Thanks Markus.  I think my main confusion was I forgot the lock was  
managed by the kernel (since it is managed through the pthreads API)  
and that the notify would be on a single blocked thread.  If the  
signaling was a broadcast where all blocked threads were moved to the  
ready queue (versus waking up a single thread) the problem I  
mentioned would still appear.  I.e., if all the blocked threads woke  
up, only one would acquire the lock, but the remaining would get  
scheduled and block.  Fortunately a broadcast isn't needed for this  
problem, since any waiting thread can be rescheduled.  I should have  
realized this on my own, but I appreciate the description of  
"secondary" scheduler implemented by the timer mechanism.
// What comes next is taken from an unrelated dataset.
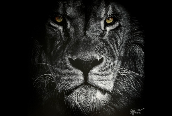 "Noblesse", 76,2x101,6cm, huile sur toile,Juin 2024 de Nancy LAVOIE, Artiste-Peintre Lauréate. Tableau d'un face à face silencieux, l'artiste est une peintre du non-dit, du subtil, elle dépasse l'apparence de l'animal et en restitue l'esprit, l'instinct
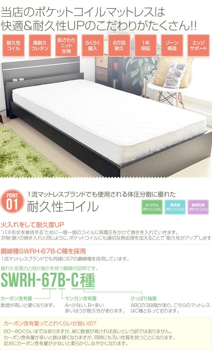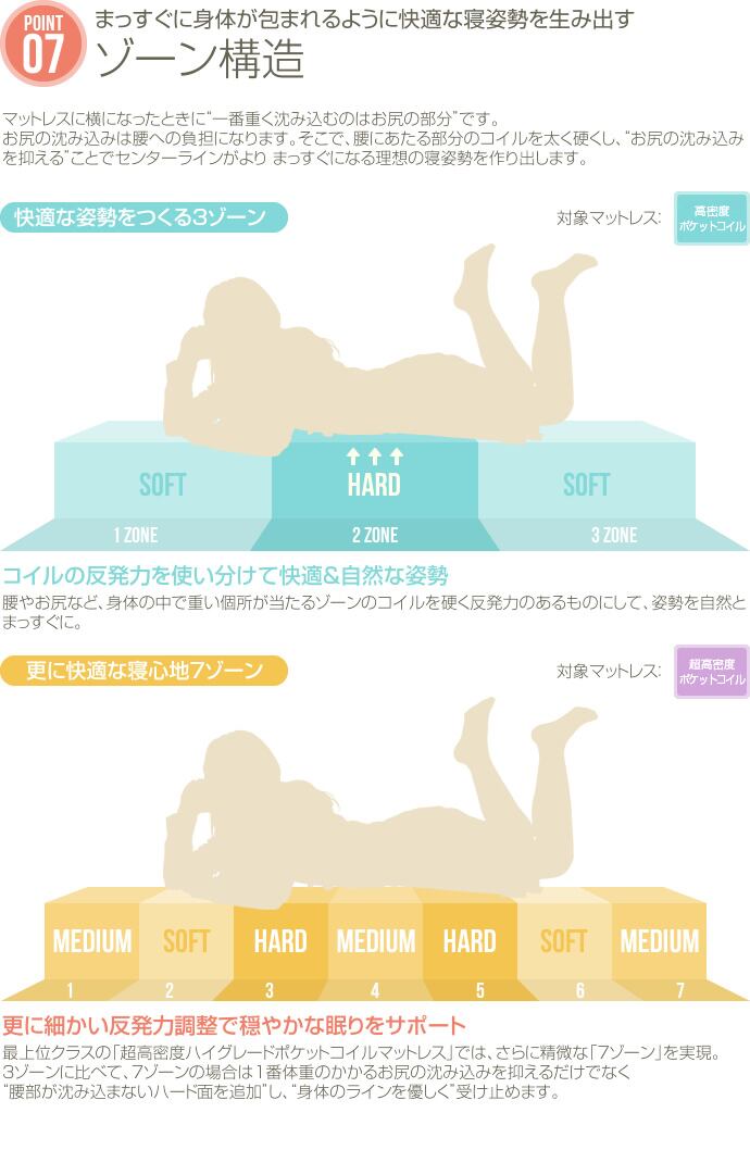 快眠ベッド マットレス。ポケットコイルマットレスは1つ1つのコイルが“点で体を支える”ので、しなやかな寝心地を体感できます。身体のラインにフィットし、マットレスにかかる“耐圧を分散”しますので“横揺れが少ない”のが特徴のベッド マットレスです。また、「8万回」の過酷な耐久テストをクリアした、安心の品質は、あらゆる世代の方へ快適な睡眠を実現いたしました。【セミダブルサイズ】

On May 12, 2006, at 1:44 PM, Markus Mottl wrote:

> On 5/12/06, Ted Kremenek <kremenek@cs.stanford.edu> wrote:
>> Because of the run-time lock, should I gather that the threads are
>> still essentially cooperative threads?  For example, does it work
>> this way: if a thread holding the master lock is switched out and the
>> kernel schedules another thread, that other thread will start running
>> and try and acquire the lock.  It won't be able to, so it goes back
>> to sleep, and another thread will wake up, try and acquire the lock,
>> goes back to sleep, and so on, until the original thread holding the
>> lock is rescheduled.
>
> No.  The other threads will block in the master lock, which is a
> POSIX-mutex + condition variable.  Releasing the master lock will
> signal exactly one of the blocking threads that it may run.  The
> context switch, however, does not necessarily happen immediately.  It
> depends on the OS when this will happen, and the scheduling policy
> determines which thread is going to run.
>
>> If so, this would lend itself to extremely poor performance: if I had
>> 100 threads, 99 of them may have to wake up and go to sleep before
>> the original one is scheduled.  That is 99 useless context switches.
>
> That would be horrible, and that's not the way it works.
>
>> Or rather is the lock acquired and released (within the generated
>> native code for the OCaml part of a program, not C code) on calls to
>> the memory management functions and other run-time code that are not
>> thread-safe?  This is also seems slow, since the heap is actively
>> manipulated all the time, so locks will constantly be acquired and
>> released, and you will have the same wake-up, make little or no
>> progress and go back to sleep problem I mentioned before.
>
> A timer signal makes sure that the current thread yields once in a
> while.  Thus, it is not necessary to acquire/release locks at each
> allocation, which would make everything run dog slow.
>
>> Your last email said that only one thread is allowed to run OCaml
>> code at any time, so it seems to me that this mutual exclusion must
>> come from somewhere.  I'm very curious to know how this is
>> implemented.  I gather that most people want to use threads in OCaml
>> to have multiple threads running OCaml code, and not necessarily have
>> a bunch of threads executing called C code (allowing the master lock
>> to be released).  I'm just trying to understand how actual
>> performance would ever resemble anything desirable.
>
> Unless INRIA implements a GC that can handle multiple threads running
> in parallel, which would have its own performance tradeoffs, you'll
> essentially always share one processor only.  It depends on your
> application whether that's a problem.  I/O-heavy applications will do
> fine, because the system calls can all be performed in parallel.  You
> can also always call C or Fortran to run in parallel on bigarrays
> (matrices), because they don't mess with the OCaml-heap.
>
> Regards,
> Markus
>
> -- 
> Markus Mottl        http://www.ocaml.info         
> markus.mottl@gmail.com